Other than this, you need to do your homework and post the required details for such a question: exact table and index definition, prevalent data access pattern (by key, by range, filters sort order, joins etc etc).
Have you done any work to identify problems so far? If not, start with Waits and Queues, a proven methodology to identify performance bottlenecks. Once you measure and find places that need improvement, we can advise how to improve.
Add an Index(es). Decide which column(s) are the most appropriate clustered index.
Decide if storing 10MB of binary data in each (otherwise small) row is a good use of a database
[Updated in response to Remus's comment]
The database I'm working with is currently over 100 GiB and promises to grow much larger over the next year or so. I'm trying to design a partitioning scheme that will work with my dataset but thus far have failed miserably. My problem is that queries against this database will typically test the values of multiple columns in this one large table, ending up in result sets that overlap in an unpredictable fashion.

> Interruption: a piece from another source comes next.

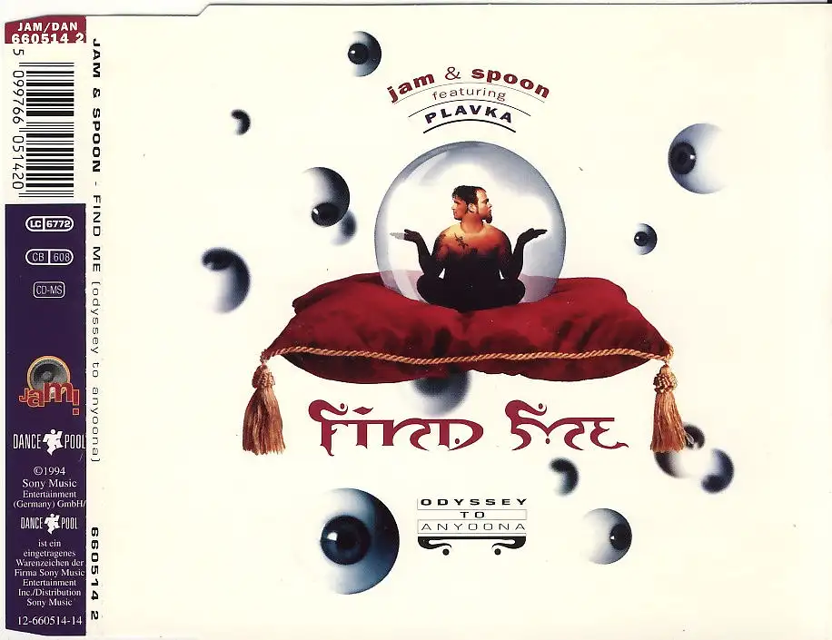 CD Single Jam & Spoon - Find Me, Zustand CD G+ Hülle M-; Made in Austria 1994 Dance Pool 660514 2, Tracks Jam & Spoon feat. Plavka - Radio Mix 4:02, Jam & Spoon feat. Plavka - 7:30, Die Kraft Der Vier Herzen 8:04, The Tribe 6:46, Odyssey To Anyoona 10:00

Everyone (the DBAs I'm working with) warns against having tables over a certain size and I've researched and evaluated the solutions I've come across but they all seem to rely on a data characteristic that allows for logical table partitioning. Unfortunately, I do not see a way to achieve that given the structure of my tables.
Here's the structure of our two main tables to put this into perspective.
Table: Case
Columns:
Year
Type
Status
UniqueIdentifier
PrimaryKey
etc.
Table: Case_Participant
Columns:
Case.PrimaryKey
LastName
FirstName
SSN
DLN
OtherUniqueIdentifiers
Note that any of the columns above can be used as query parameters.

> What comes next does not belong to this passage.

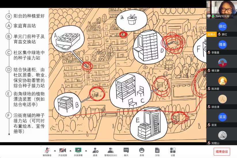 刘悦来、易虹、施芸卿和薛红四位老师一起连线和将近80名参与者共同讨论

Rather than guess, measure. Collect statistics of usage (queries run), look at the engine own statistics like sys.dm_db_index_usage_stats and then you make an informed decision: the partition that bests balances data size and gives best affinity for the most often run queries will be a good candidate. Of course you'll have to compromise.
Also don't forget that partitioning is per index (where 'table' = one of the indexes), not per table, so the question is not what to partition on, but which indexes to partition or not and what partitioning function to use. Your clustered indexes on the two tables are going to be the most likely candidates obviously (not much sense to partition just a non-clustered index and not partition the clustered one) so, unless you're considering redesign of your clustered keys, the question is really what partitioning function to choose for your clustered indexes.

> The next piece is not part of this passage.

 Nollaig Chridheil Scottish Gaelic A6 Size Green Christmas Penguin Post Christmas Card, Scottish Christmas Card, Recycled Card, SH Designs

If I'd venture a guess I'd say that for any data that accumulates over time (like 'cases' with a 'year') the most natural partition is the sliding window.
If you have no other choice you can partition by key module the number of partition tables.
Lets say that you want to partition to 10 tables.
You will define tables:
Case00
Case01
...
Case09
And partition you data by UniqueIdentifier or PrimaryKey module 10 and place each record in the corresponding table (Depending on your unique UniqueIdentifier you might need to start manual allocation of ids).
When performing a query, you will need to run same query on all tables, and use UNION to merge the result set into a single query result.
It's not as good as partitioning the tables based on some logical separation which corresponds to the expected query, but it's better then hitting the size limit of a table.
Another possible thing to look at (before partitioning) is your model.
Are you in a normalized database? Are there further steps which could improve performance by different choices in the normalization/de-/partial-normalization? Are there options to transform the data into a Kimball-style dimensional star model which is optimal for reporting/querying?
If you aren't going to drop partitions of the table (sliding window, as mentioned) or treat different partitions differently (you say any columns can be used in the query), I'm not sure what you are trying to get out of the partitioning that you won't already get out of your indexing strategy.
I'm not aware of any table limits on rows. AFAIK, the number of rows is limited only by available storage.